Сказали — и собрались уходить.
Как ни просил их Илья погодить-погостить, они ото всего отказались и пошли себе своим путем-дорогою.
Остался Илья один-одинешенек, и захотелось ему в лес сходить, отца проведать.
Приходит к отцу, а там все как есть после работы спят — и хозяева и помочане.
Взял Илья топор и стал рубить.
Как тяпнет топором, так он по самый обух в дерево и уйдет. Сила в Илье непомерная.
Порубил, порубил лес Илья Муромец и повтыкал все топоры в пеньё. И ушли топоры по самые обухи. А Илья за деревом спрятался.

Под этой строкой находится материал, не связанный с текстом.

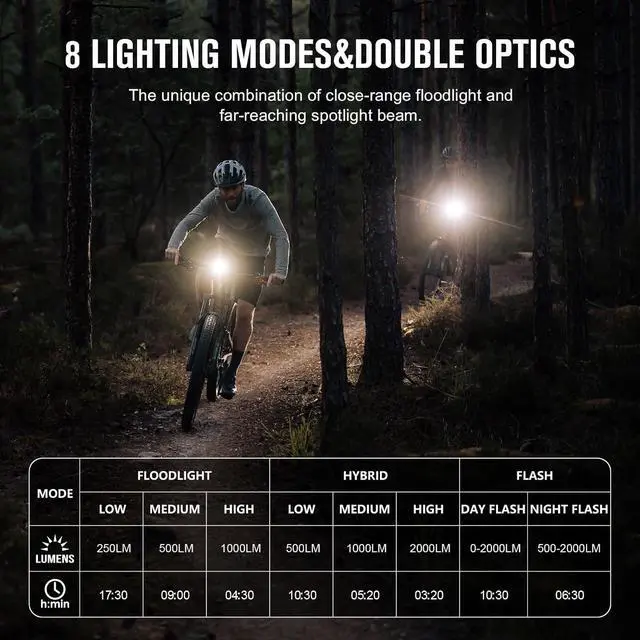 [Smart Sensors] This bike light features a built-in light sensor that automatically switches to a brighter setting when entering a tunnel and a vibration sensor to conserve power in a pit stopfalse[USB-C Fast Charging and Discharging] RN 2000 bike front light takes 3.5 hours to be charged fully. You can recharge the battery or power your bike computer, smartphone, or other devices while on the gofalse- [High Performance] RN 2000 is equipped with two high-power LEDs, max output of 2000 lumens and max throw of 557ft, which is super bright. This bike light provides a max runtime of 17.5 hours

Вот проснулись все помочане, взялись за топоры. Куда там! Сколько ни дергают, не могут из дубьев вытащить! (Он, может, шуткой повтыкал, да уж сила у него была такая богатырская.)
Видит Илья, не клеится у них дело, и выходит из-за дерева к отцу с матерью. А те и глазам своим не верят, — был сын калека, а стал богатырь.
Вытащил Илья все топоры и стал отцу с матерью подсоблять. Родители глядят на сына — не нарадуются. Кончили работу, пришли домой и стали жить-поживать.
А Илья-Муромец все в окошко поглядывает, когда мужичок мимо дома ихнего жеребеночка паршивенького поведет?
И вот видит: точно — идет мужичок.
Выбегает Илья, спрашивает:
— Куда жеребенка ведешь?
А тот отвечает:
— Очень плох получился. Пришибить надо.
Стал тут Илья просить мужичка, чтобы он жеребеночка не пришибал, а лучше ему отдал.
Удивился мужик.
— Да на что тебе такой жеребеночек? Куда он годится?
А Илья все свое: отдай да отдай.
Подумал мужичок и отдал Илье жеребенка. И даже не взял с него никакой платы.
Привел Илья Муромец жеребенка к себе на двор, поставил в стойло и давай поить и кормить, как учили странники.
В скором времени стал жеребенок от такого ухода расти да хорошеть. А как минуло ему три года, сделался он сильным, здоровым конем.
Илья Муромец начал его выводить в поле чистое и учить скакать через рвы широкие, через тыны высокие.
Да только нет для коня ни рва глубокого, ни тына высокого: все ему нипочем. Илья Муромец и сам удивляется, что за конь богатырский из жеребеночка шелудивого вырос.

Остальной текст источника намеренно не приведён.